Очень быстро канализация затопила рыночную площадь, автостоянку, гаражный кооператив и универсам «Универсам». Потом она добралась до пригорода, смыла частный сектор и устремилась пожирать окружающее пространство, как биомасса из фантастического фильма ужасов.

Вскоре речка Жменька вышла из берегов и залила близлежащие поля, отчего едва не произошла экологическая катастрофа, потому что ядерные боеголовки ушли под воду и их смыло в канализацию. Люди гибли пачками. Они взывали к богу, но бог Фёдор Петрович спал и не слышал их мольбы, потому что с пивком у него вышел перебор.

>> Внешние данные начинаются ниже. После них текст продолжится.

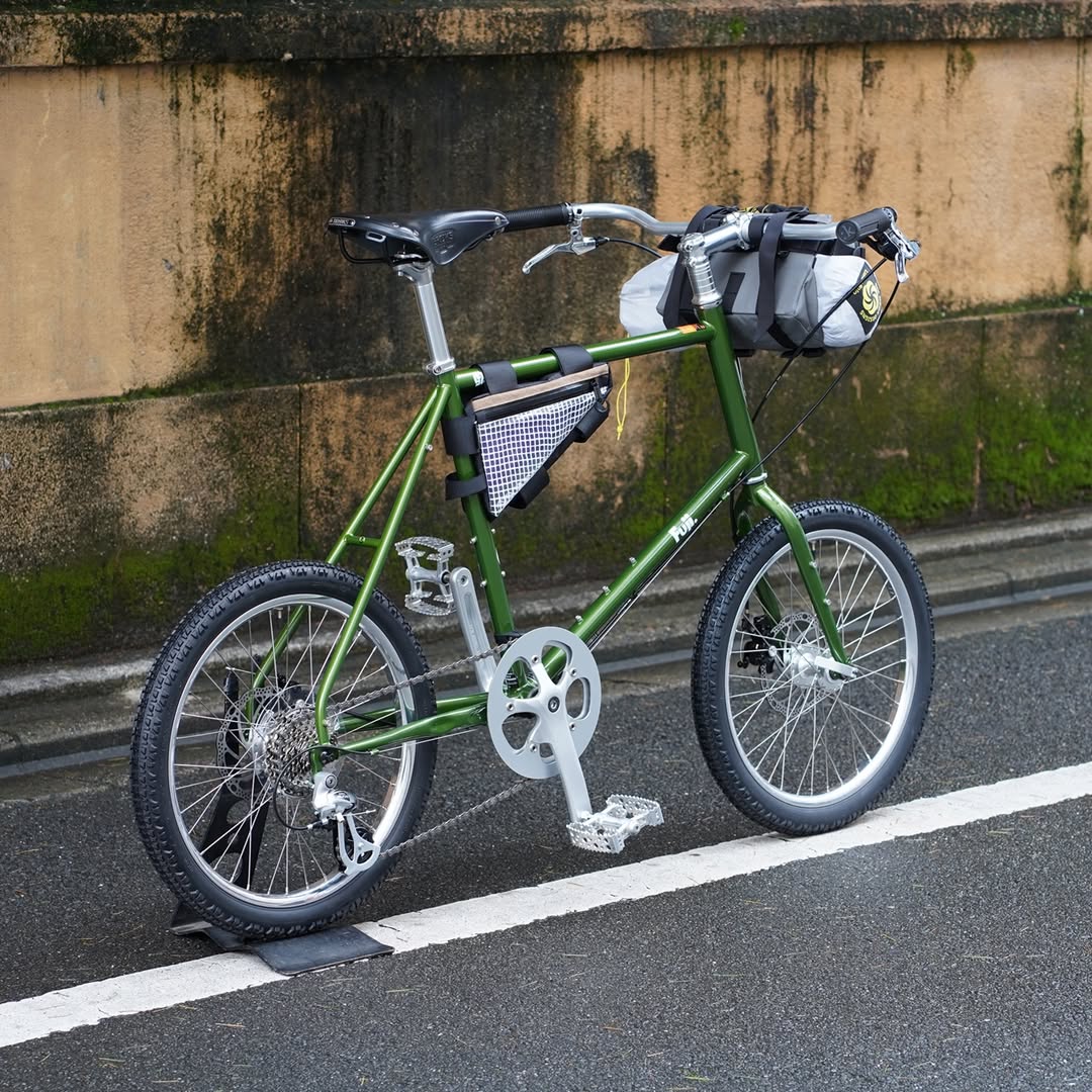 20インチのブロックタイヤで、公園の砂利道も鴨川沿いのダートも一気に冒険ステージに変えてしまう。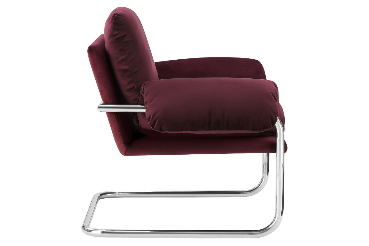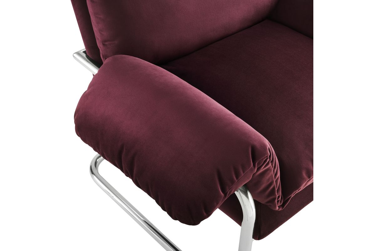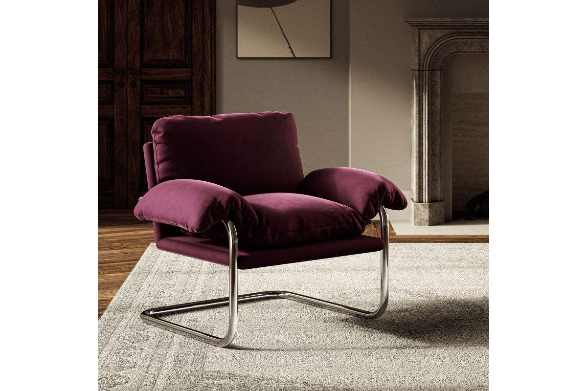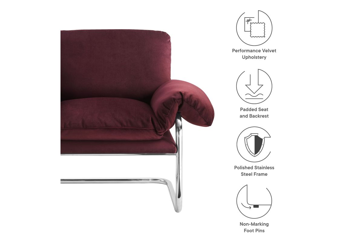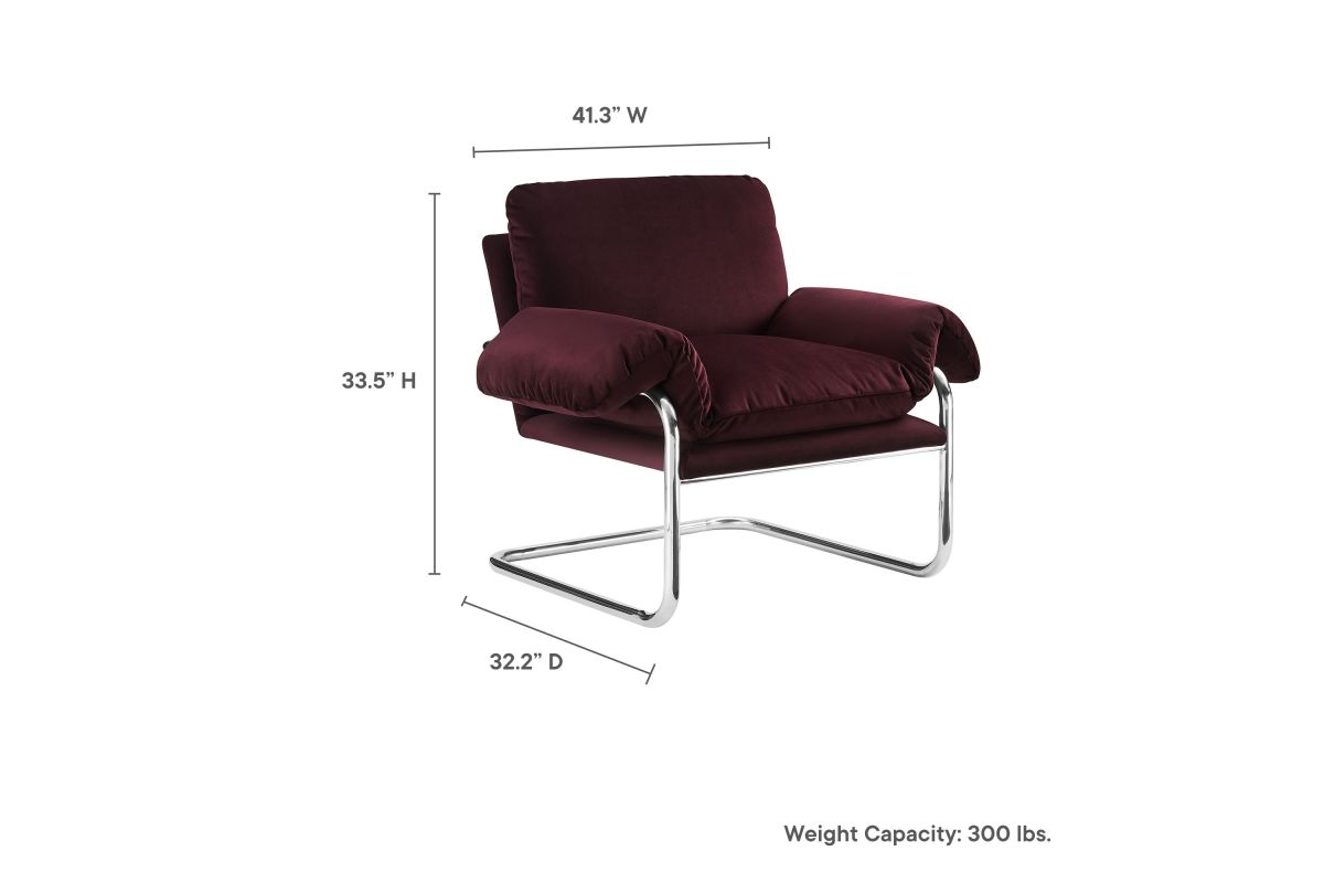 Sink into comfort with the Ansel Vintage Accent Armchair, an inviting statement chair perfect for your living room, bedroom, or lounge area. This modern retro armchair combines a stainless steel cantilever frame with stain-resistant performance velvet upholstery. The fixed back and seat provide a stable, lightly padded base, a comfortable back cushion and a thick body cushion that drapes over the arms—add extra flair. Secured with metal fasteners, the body cushion stays firmly in place, creating an inviting, velvety feel that complements the lounge chair’s mid century modern-inspired look. Designed with non-marking foot pins to protect your floors, this velvet accent chair effortlessly merges style with practicality. Ansel brings a sophisticated vintage charm to any space, creating a cozy yet refined atmosphere for relaxation and conversation. Weight Capacity: 300 lbs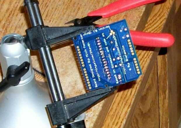 El TMP36 se verá como un Transistor estándar. Usted tendrá que doblar el desplazamiento del medio a los otros pines en orden para que pueda caber en este tablero.

К счастью, влюблённый в Машу Капустину плотник Ноев построил из ящиков, собранных возле универсама «Универсам», ковчег и всех спас, чем раз и навсегда заслужил любовь благодарной Маши Капустиной.

Люди, напуганные потопом, разуверились в боге. Слава богу, что Фёдор Петрович не рассчитался с завода, а то ведь, как известно, бог существует только до тех пор, пока в него кто–нибудь верит; и сидел бы он сейчас без дела — не бог, не токарь. А так он по–прежнему токарит на заводе металлоконструкций и лишь иногда, в шутку, выточит из какой–нибудь болванки Адама да Еву.

А город с тех пор стал режимным из–за спящих в канализации ядерных боеголовок.

Анна на рельсах

Первой была бабка — преждевременно скрюченная, прокуренная, провонявшая марксизмом–ленинизмом и валерьяновыми каплями работница партхоза.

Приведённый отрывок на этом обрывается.